They are no longer mere receptors of radio broadcasts, but actively exchange information with their surroundings.
These communicative vehicles will radically change our view on transportation.
They enable cooperative driving and are used as mobile access nodes for telecommunication networks - no longer just moving combustion engines.
Extended radio frequency hardware is the technical basis for this increase in wireless vehicular communication.
The critical part of the communication system are the antennas, as they have to be placed outside the vehicles hull and therefore become interdependent with vehicle design.
This dissertation examines the influence of carbon fiber reinforced polymer on vehicular antennas and the development of an antenna cavity for vehicles.
Together these findings secure enough construction space for antennas in future light-weight constructed vehicles.
Electric cars are increasingly constructed with chassis made from Carbon Fiber Reinforced Polymer (CFRP).
This requires the characterization of these materials for vehicular antennas.
Material samples are measured inside rectangular waveguides and the material parameters are estimated with the Nicolson-Ross-Weir method.
Measurement results show, that the electric conductivity of CFRP with twill-weave and CFRP with fiber shreds on the surface are approximately isotropic in the investigated frequency range around 6 GHz.
This motivates the use of recycled CFRP. Sustainable materials are in this case also optimal for antenna applications.
The transition from metal to CFRP chassis influences monopole antennas, which are currently widely used in automotive applications, as these antennas use chassis parts as ground plane.
Both narrowband and wideband monopole antennas are measured on ground planes manufactured from different CFRP.

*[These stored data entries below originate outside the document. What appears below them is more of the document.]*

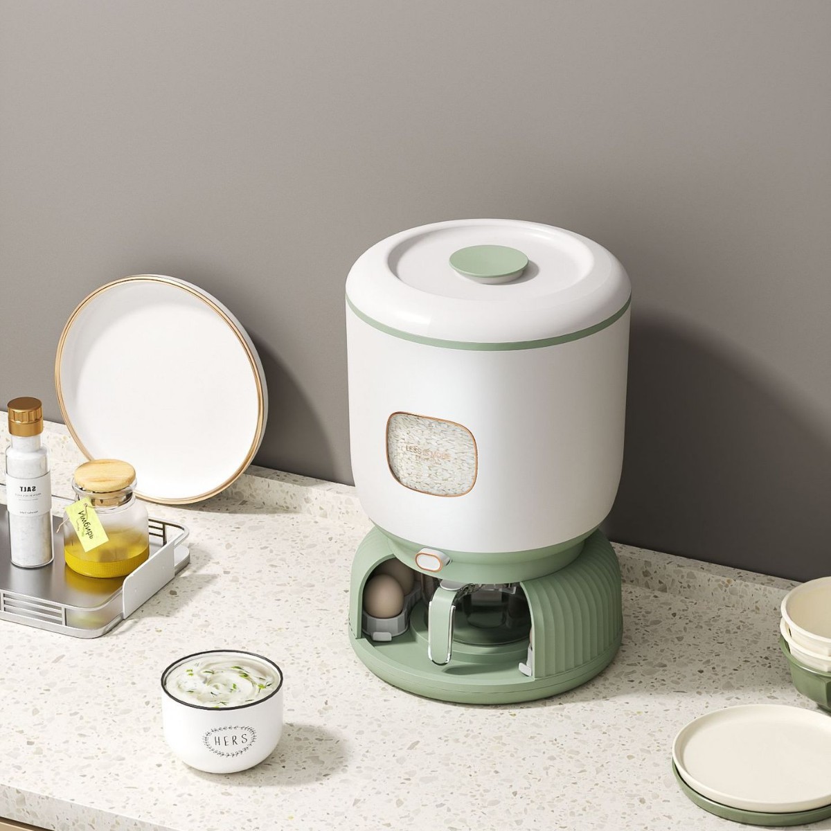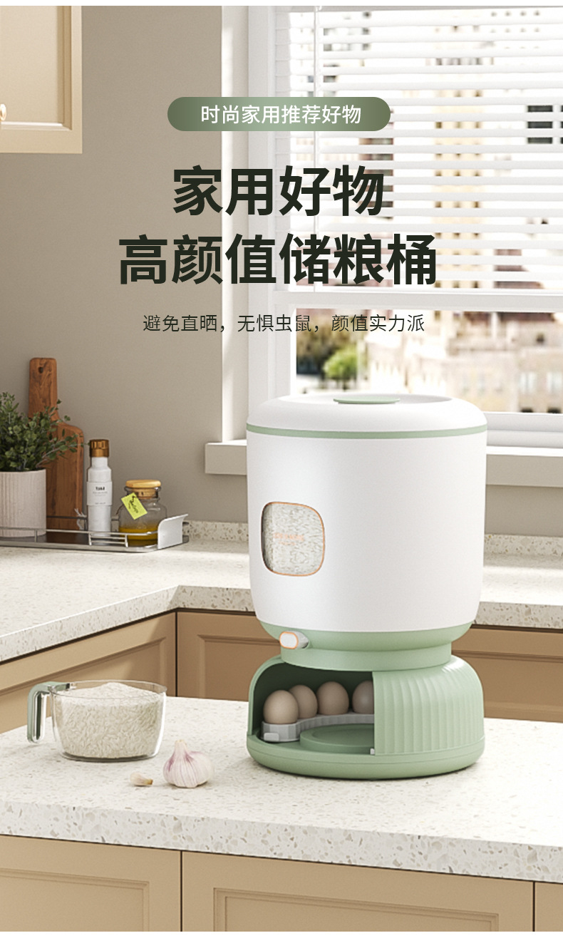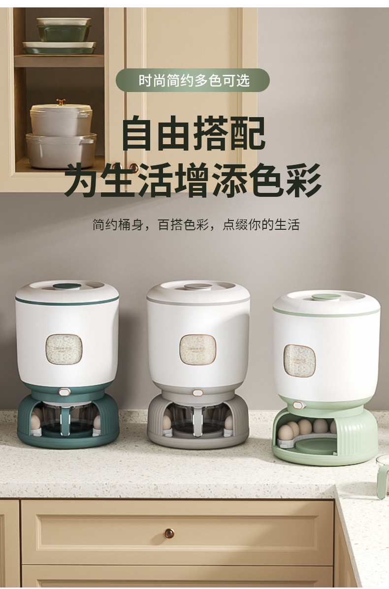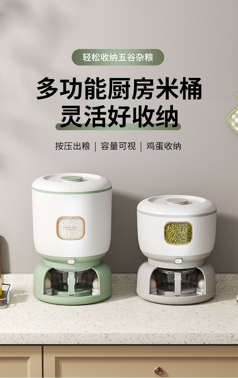 家用轻奢风大容量按压出米防虫防潮米桶杂粮收纳密封鸡蛋盒储存罐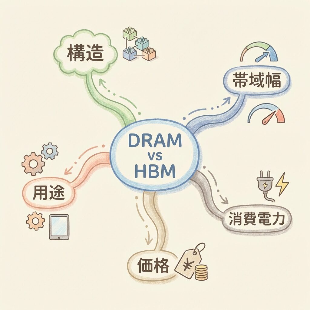 - DRAMとHBMの5つの比較視点(構造・帯域幅・消費電力・価格・用途)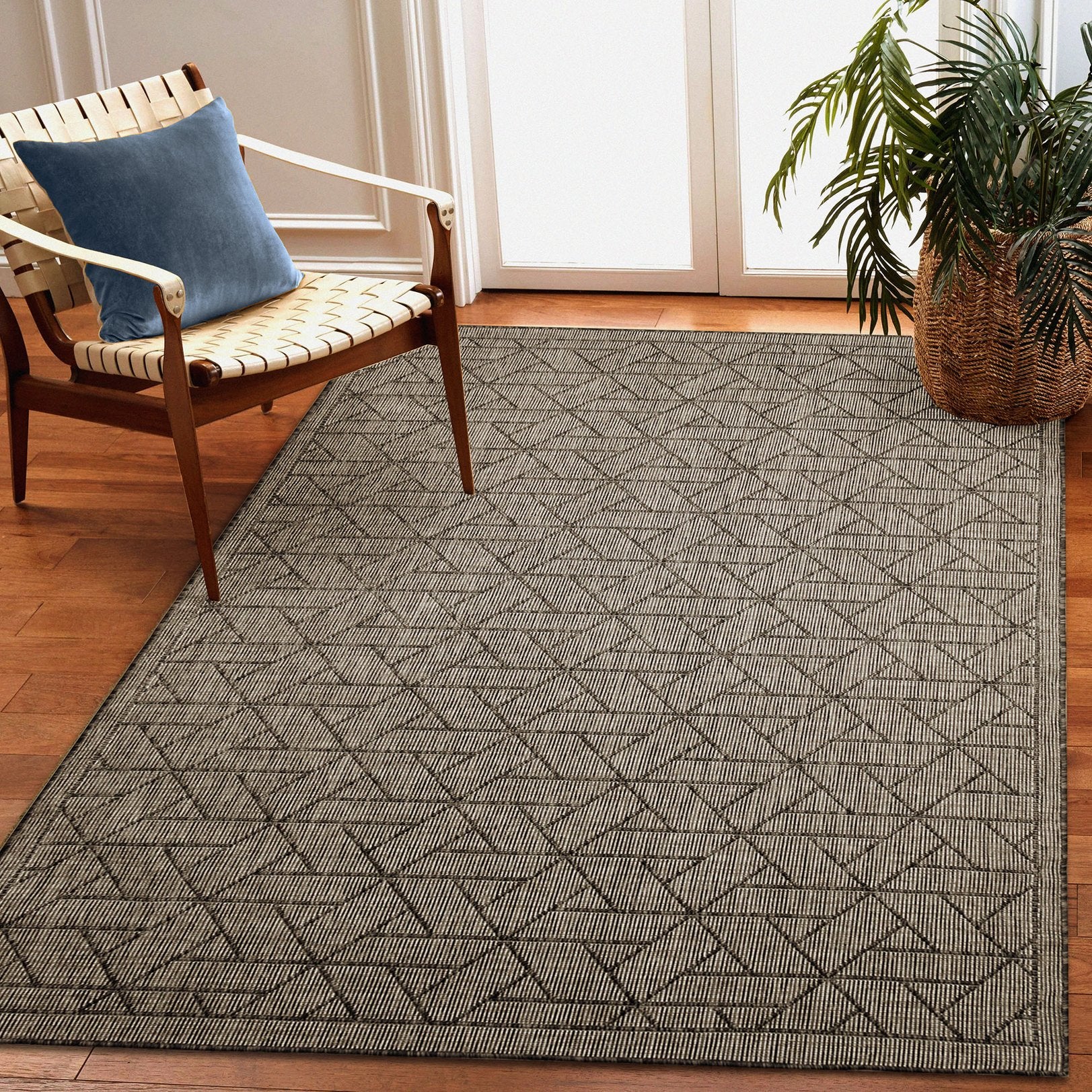 - Features a solid background with a raised stitched Geometric triangle Transitional, Abstract,All-Purpose, Casual, Lodge, Graphic design throughout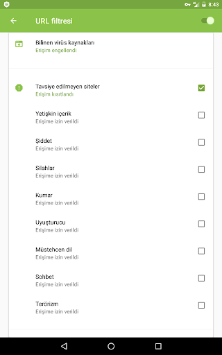 • Çeşitli tematik web sitesi kategorileri (uyuşturucular, şiddet vb.) için engelleme mümkündür.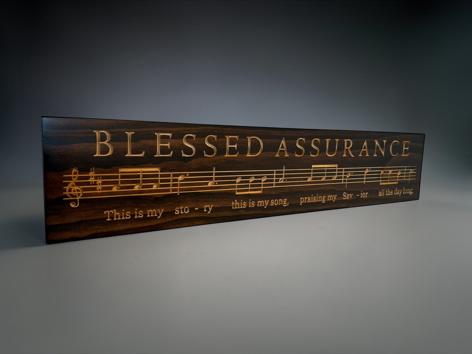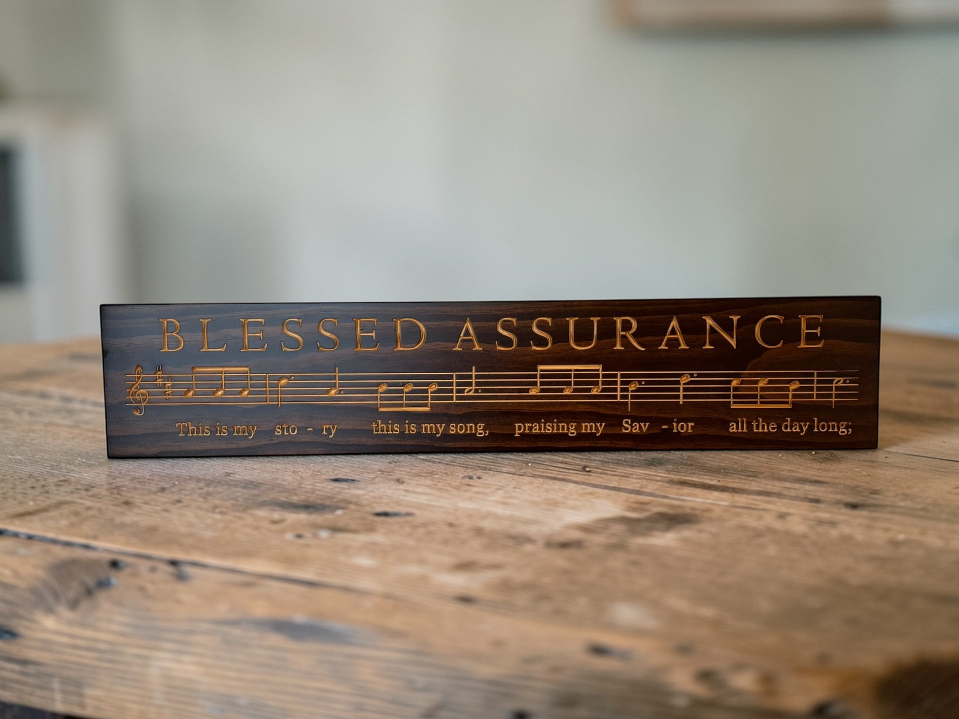 This Blessed Assurance Hymn sign features bold carved lettering paired with the opening lyrics flowing across a musical staff. It’s designed to feel timeless — a reminder of faith, comfort, and the moments that shape us.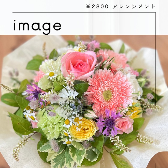 3000円のアレンジです。 小さめなので、ちょっとしたギフトやご自宅用に。 お好みのカラーをお選びください。 備考欄にご用途を書いてくださるとイメージがしやすいです。 写真はイメージになります。 ギフト用ラッピングをし、メッセージカードをお付けできます。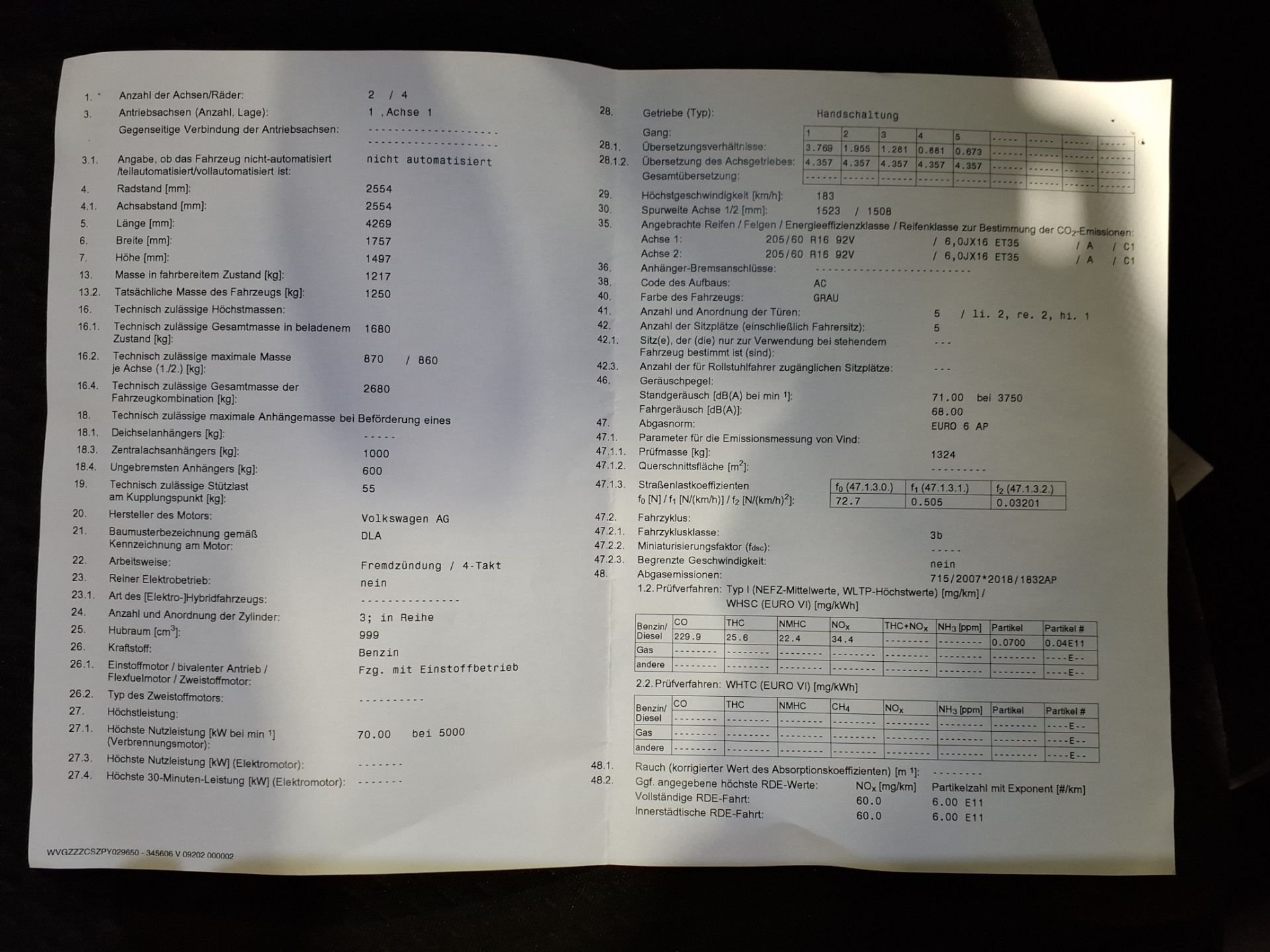 Fahrzeug-Identifikationsnummer (VIN) ***************** -

A cavity for vehicular antennas is designed, manufactured, measured and evaluated.
The cavity is larger than currently used roof-mounted shark-fin antenna modules and can be manufactured as part of the chassis and hidden therein.
As proof that the production of such a cavity is realizable for electric cars, a prototype is built from CFRP.
To show feasibility for antennas, several antennas are measured and evaluated inside the cavity.
Investigated antennas include a monopole antenna and an inverted-F antenna, both manufactured as laser-structured injection molded parts; a broadband conical monopole antenna and intelligent antennas with reconfigurable radiation patterns.
Detailed measurement based evaluations of the antennas inside the cavity show that the cavity concept is feasible.
Influences of the cavity on the functionality of the antennas inside are also analyzed by measurement.
Strong influences on the antennas occur at frequencies in the high single-digit gigahertz range, where the cavity is electrically large.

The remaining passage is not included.